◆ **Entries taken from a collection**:
- - - -
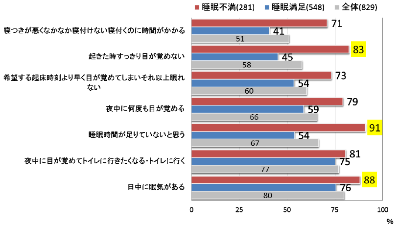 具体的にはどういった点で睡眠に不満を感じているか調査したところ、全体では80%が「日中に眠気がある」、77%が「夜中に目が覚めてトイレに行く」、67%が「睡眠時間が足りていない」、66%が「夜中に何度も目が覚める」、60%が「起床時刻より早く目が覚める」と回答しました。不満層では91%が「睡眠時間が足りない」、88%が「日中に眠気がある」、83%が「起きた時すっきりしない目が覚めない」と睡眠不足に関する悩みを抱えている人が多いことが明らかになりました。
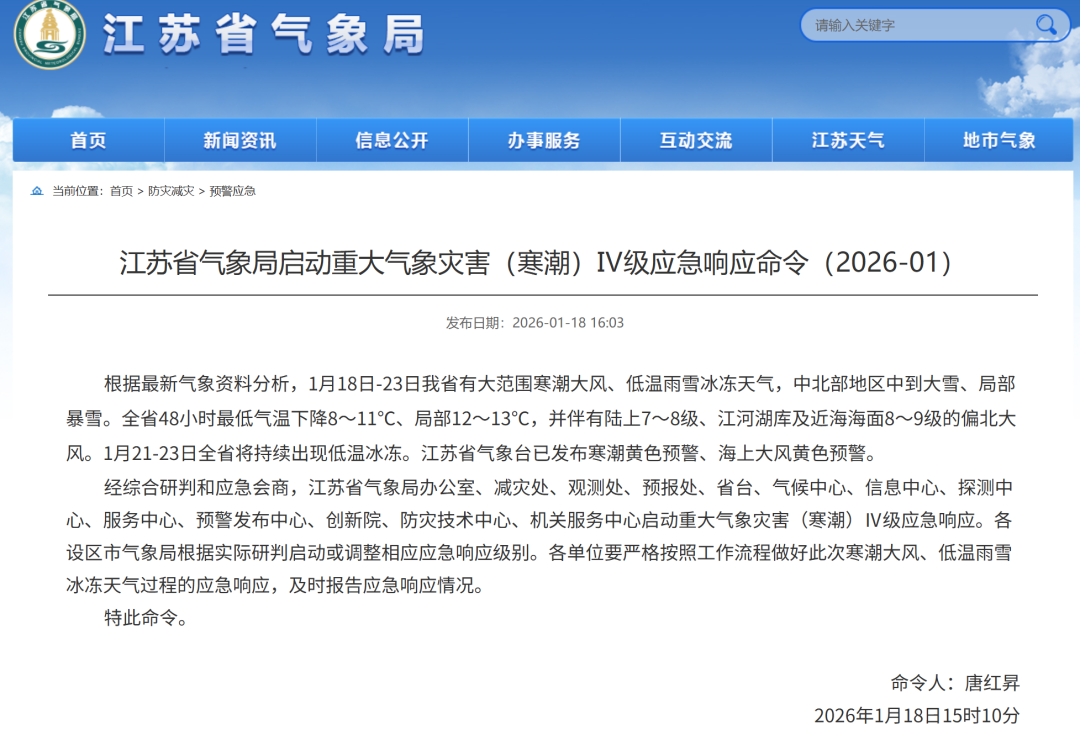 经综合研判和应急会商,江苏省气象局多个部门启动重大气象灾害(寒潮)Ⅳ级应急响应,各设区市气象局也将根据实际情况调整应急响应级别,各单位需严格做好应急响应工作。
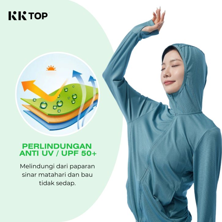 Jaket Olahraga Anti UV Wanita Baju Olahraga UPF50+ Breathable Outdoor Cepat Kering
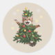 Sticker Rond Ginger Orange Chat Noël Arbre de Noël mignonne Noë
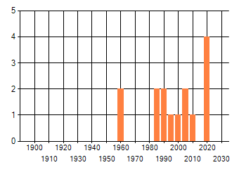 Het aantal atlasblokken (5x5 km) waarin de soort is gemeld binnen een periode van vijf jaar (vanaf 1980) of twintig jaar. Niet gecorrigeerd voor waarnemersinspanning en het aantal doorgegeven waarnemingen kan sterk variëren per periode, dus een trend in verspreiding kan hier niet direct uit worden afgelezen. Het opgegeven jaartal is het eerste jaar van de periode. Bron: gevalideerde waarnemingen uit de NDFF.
- - - -
No images belong in the copy. Transcribe every record exactly.

 具体的にはどういった点で睡眠に不満を感じているか調査したところ、全体では80%が「日中に眠気がある」、77%が「夜中に目が覚めてトイレに行く」、67%が「睡眠時間が足りていない」、66%が「夜中に何度も目が覚める」、60%が「起床時刻より早く目が覚める」と回答しました。不満層では91%が「睡眠時間が足りない」、88%が「日中に眠気がある」、83%が「起きた時すっきりしない目が覚めない」と睡眠不足に関する悩みを抱えている人が多いことが明らかになりました。
 经综合研判和应急会商,江苏省气象局多个部门启动重大气象灾害(寒潮)Ⅳ级应急响应,各设区市气象局也将根据实际情况调整应急响应级别,各单位需严格做好应急响应工作。
 Jaket Olahraga Anti UV Wanita Baju Olahraga UPF50+ Breathable Outdoor Cepat Kering
 Sticker Rond Ginger Orange Chat Noël Arbre de Noël mignonne Noë
 Het aantal atlasblokken (5x5 km) waarin de soort is gemeld binnen een periode van vijf jaar (vanaf 1980) of twintig jaar. Niet gecorrigeerd voor waarnemersinspanning en het aantal doorgegeven waarnemingen kan sterk variëren per periode, dus een trend in verspreiding kan hier niet direct uit worden afgelezen. Het opgegeven jaartal is het eerste jaar van de periode. Bron: gevalideerde waarnemingen uit de NDFF.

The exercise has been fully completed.